Jesus’ time in the wilderness – the time that he chooses to remain in that place – is full of the lessons that can only come about when we don’t rush to get out of a place of pain, liminality, and struggle. Our natural inclination may be to distract, escape, appear stronger than we are to hide our fears, maintain control to give us a sense of safety or competence, or maybe even make ourselves smaller to avoid attention. But what Jesus shows us during his own time in the wilderness, is the gifts we can get from remaining in place for a time, looking around, and listening to the Spirit of love who led us there for a purpose. There, in the wilderness, we do as the Psalmist says: we “make the Lord [our] refuge and stronghold.” When you do that, the Psalmist goes on, “no evil will be befall you, nor shall affliction come near your dwelling.”
This first place we encounter during this Lent, the wilderness, may at first seem like a place to get out of quickly. But it is also a holy place, a place of self-discovery. And because God is there, it can serve as a place of new creation, where we can discern God’s hope and will for us. In Jesus’ time in the wilderness, he chooses emptiness over fullness, obscurity over honor, and vulnerability over rescue – gifts he would go on to use to bring about our salvation by dying on a cross, the most empty, obscure, and vulnerable place imaginable. And from there, from that place, he brings new life for all.

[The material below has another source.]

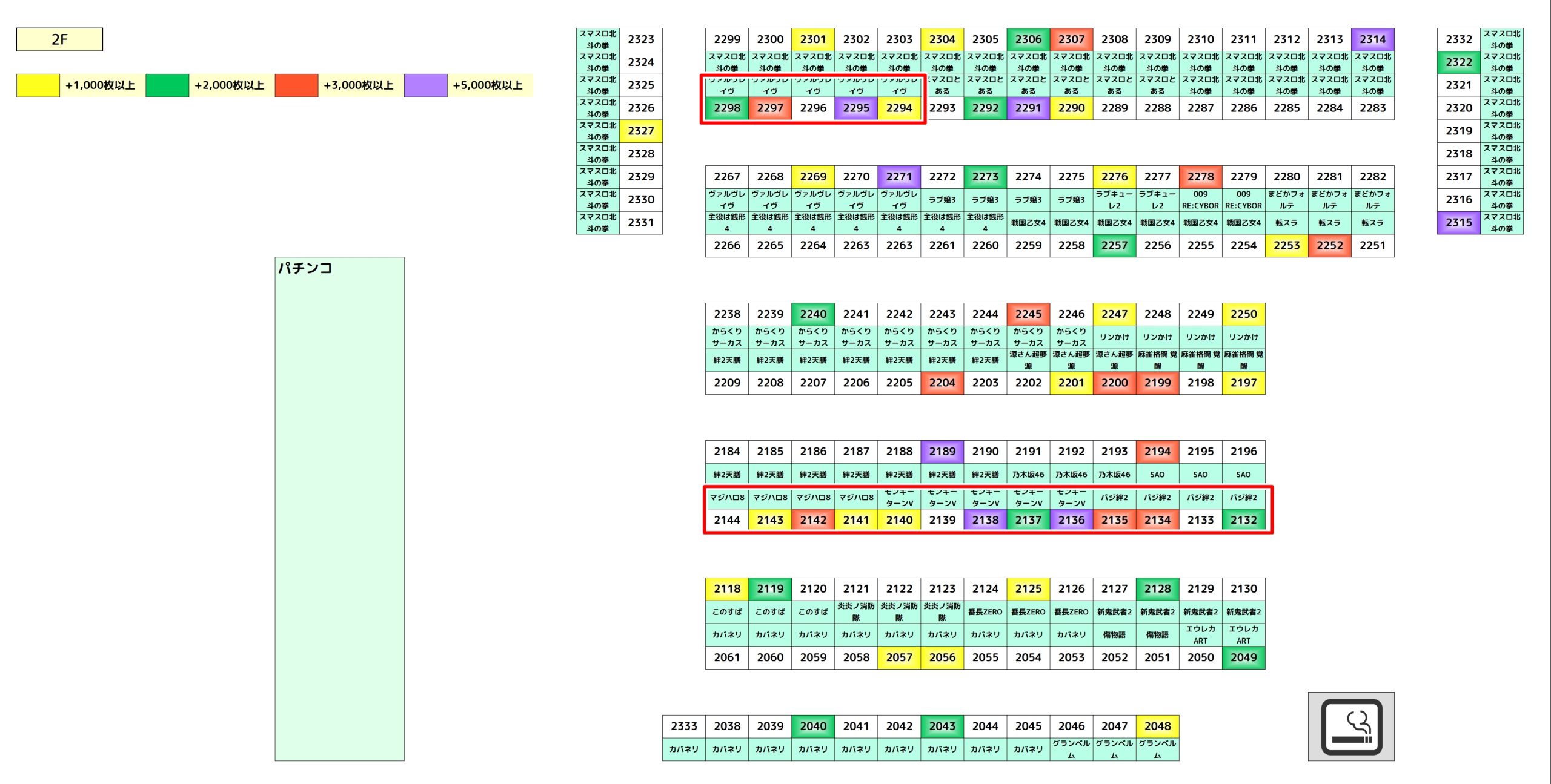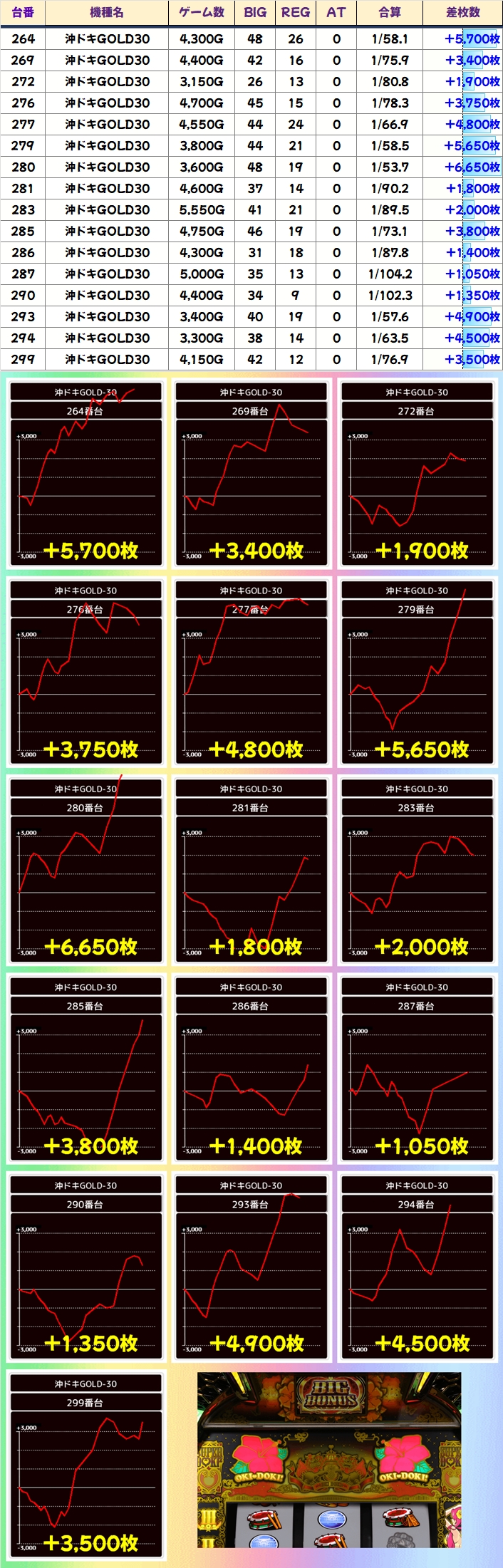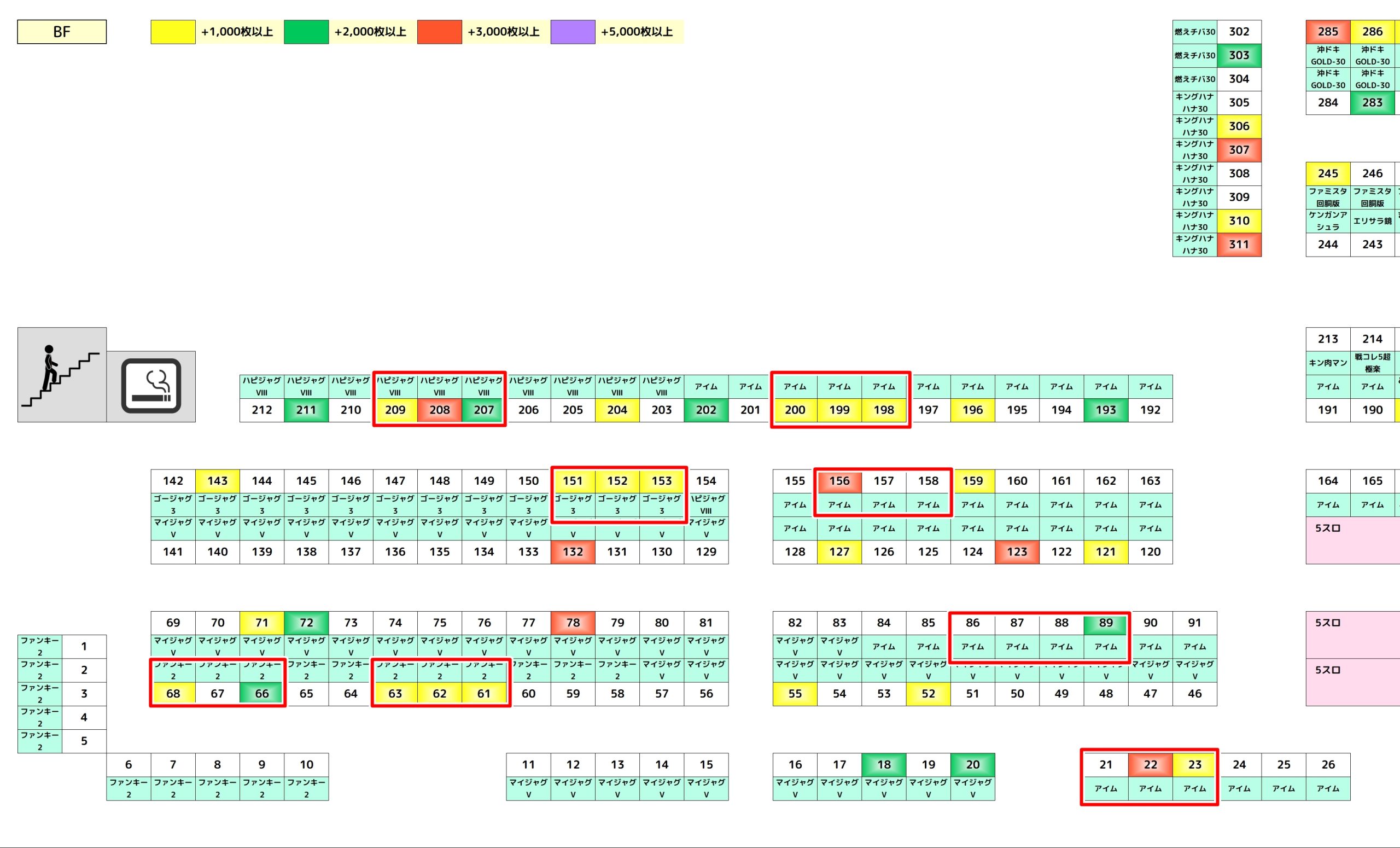 沖ドキも1/2以上がプラスで、3000枚以上獲得台は10台以上ありました。大量獲得台が連続している箇所が多く、3台並びが複数仕掛けられていた可能性は高そうです。279-281番台や285-287番台は間違いないでしょう。

Are we willing to stay in our own wilderness, look around, and see what gifts God might be bestowing on us there – and even, to be redeemed?
Let us pray… Incarnate God, you did not shy away from experiencing our humanity fully with us, spending time in the desert and being tempted by the same struggles we face ourselves. Thank you for bringing redemption even to those places. Help us to trust this is true also for us. In the name of the Father, and the Son, and the Holy Spirit. Amen.